APEC Ministers Pledge to Strengthen Food Security
APEC Ministers urge the region’s economies to step up efforts to promote food security through fostering sustainable food systems, embracing technology, leveraging collaboration and trade, and strengthening rural development.
At the 5th APEC Food Security Ministerial Meeting in Puerto Varas, Chile, ministers agreed that continued cooperation is critical to reduce practices that impede food security and advance the integration of the region’s farmers and fishers into global value chains for food trade.
“(We have) this great opportunity to shape the future of our food systems, essential for our people - the ultimate reason to be here and do what we do,” said Antonio Walker, Minister of Agriculture for Chile, host economy of APEC 2019.
The Asia-Pacific region faces enormous challenges to meet the needs of its growing population, which has grown by more than 1 percent every year. Millions of rural farmers and fishers, particularly women, are dependent on food production and trade for income and survival, increasingly fraught as climate conditions change and result in hábitat degradation.
Addressing food insecurity includes taking action to protect marine environments and address illegal, unreported and unregulated fishing. Seafood consumption provides nearly 22 percent of the region’s average per capita animal protein intake. Marine debris, which includes plastic pollution, affects food security by entangling ocean wildlife in the waste.
APEC ministers also urge for more action to broaden access to finance and markets for small producers and the adoption of more technologies to improve productivity in food production.
“The introduction of new technologies in each space of agriculture and food production could lead to more resilient productivity and sustainability in the agriculture production sector, as well as in agri-food chains, with higher levels of traceability and transparency,” said Minister Walker.

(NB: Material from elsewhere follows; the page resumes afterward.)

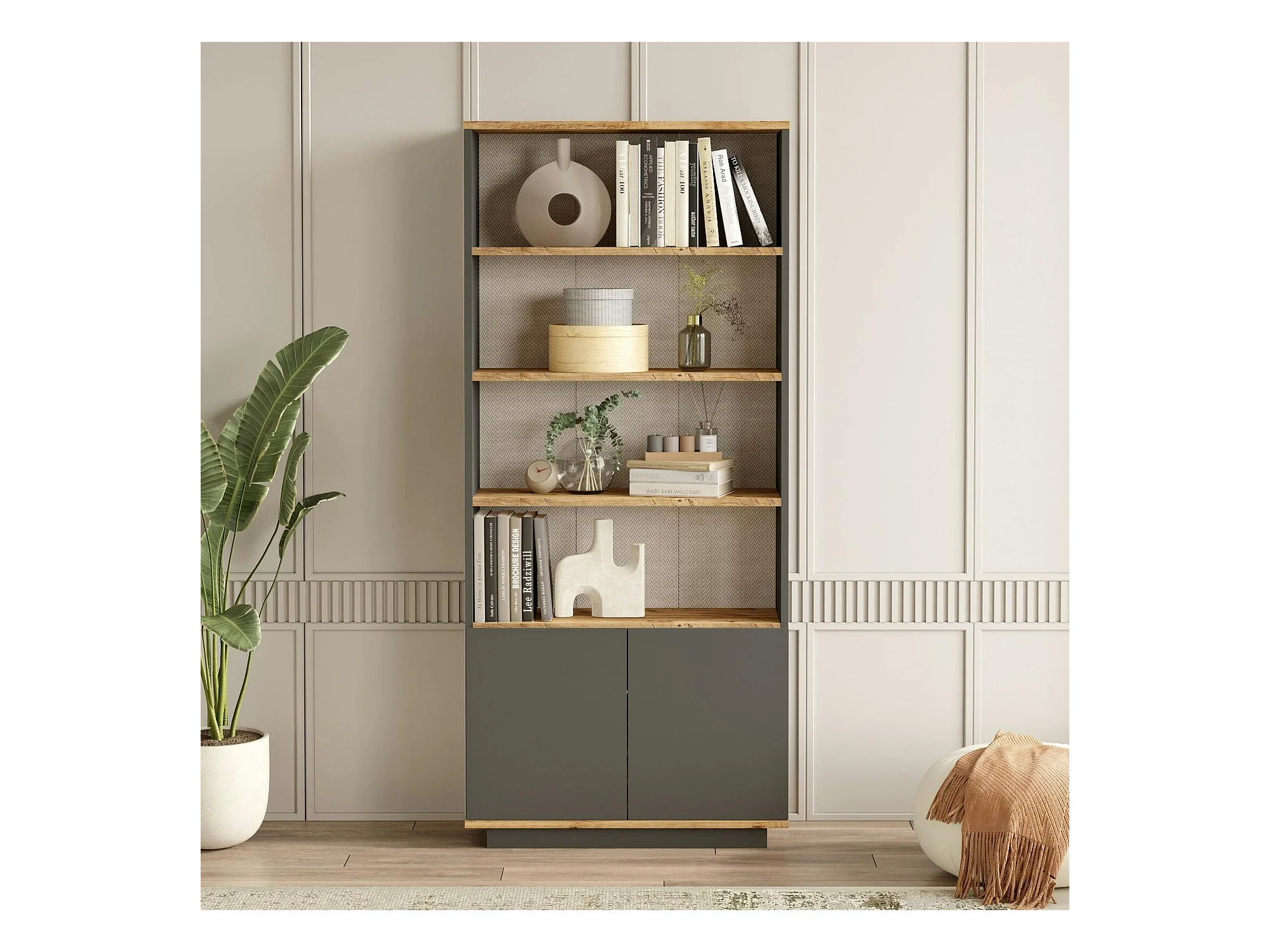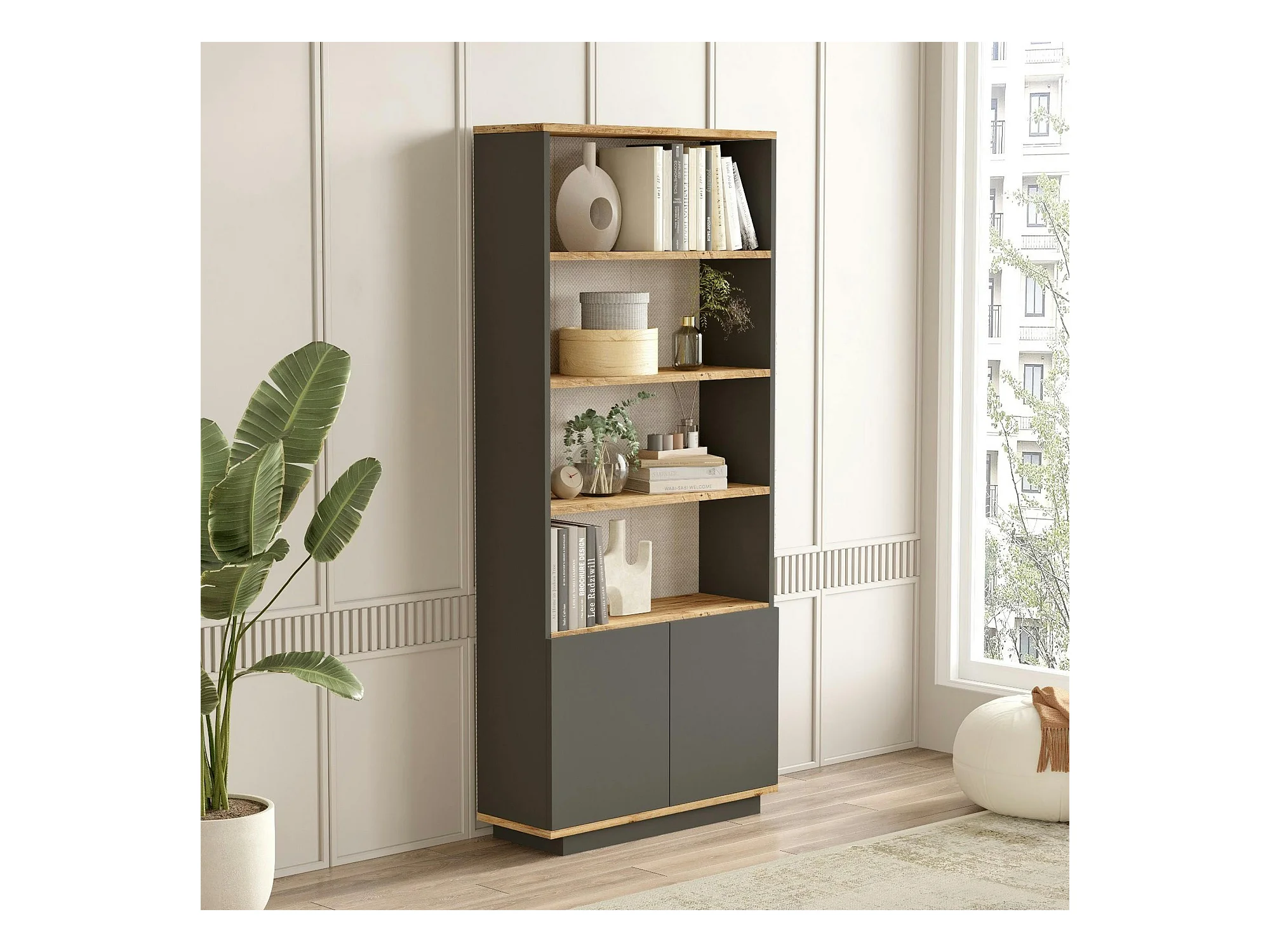 Bibliothèque moderne grise avec rangement bas fermé MARFA

Predictable and open trade regimes also foster food security. Trade underpinned by transparent and non-discriminatory rules leads to a greater flow of goods and integration of producers into markets.
“Trade policies that affect economies should be transparent and non-protective, supported by evidence-based rules and regulation,” said Salahuddin Ayub, Minister of Agriculture and Agro-based Industry for Malaysia, host economy of APEC 2020.

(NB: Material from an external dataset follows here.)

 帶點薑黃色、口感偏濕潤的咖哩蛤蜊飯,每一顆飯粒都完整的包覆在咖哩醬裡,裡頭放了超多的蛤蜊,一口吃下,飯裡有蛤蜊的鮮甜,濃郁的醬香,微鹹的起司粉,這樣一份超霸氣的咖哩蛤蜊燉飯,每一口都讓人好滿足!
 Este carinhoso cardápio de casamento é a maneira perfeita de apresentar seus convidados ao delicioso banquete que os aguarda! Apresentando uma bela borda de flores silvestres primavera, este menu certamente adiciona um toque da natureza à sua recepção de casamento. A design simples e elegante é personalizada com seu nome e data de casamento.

APEC encourages the development and implementation of integrated policies for agriculture, aquaculture and fisheries in order to improve productivity, reduce food loss and waste, and strengthen the sustainable use of natural resources.
APEC ministers welcomed two new important roadmaps for the forum, one to address marine debris and the other to combat illegal, underreported and unregulated fishing, and agreed to submit both to the APEC Leaders Meeting to be held in Santiago in November 2019.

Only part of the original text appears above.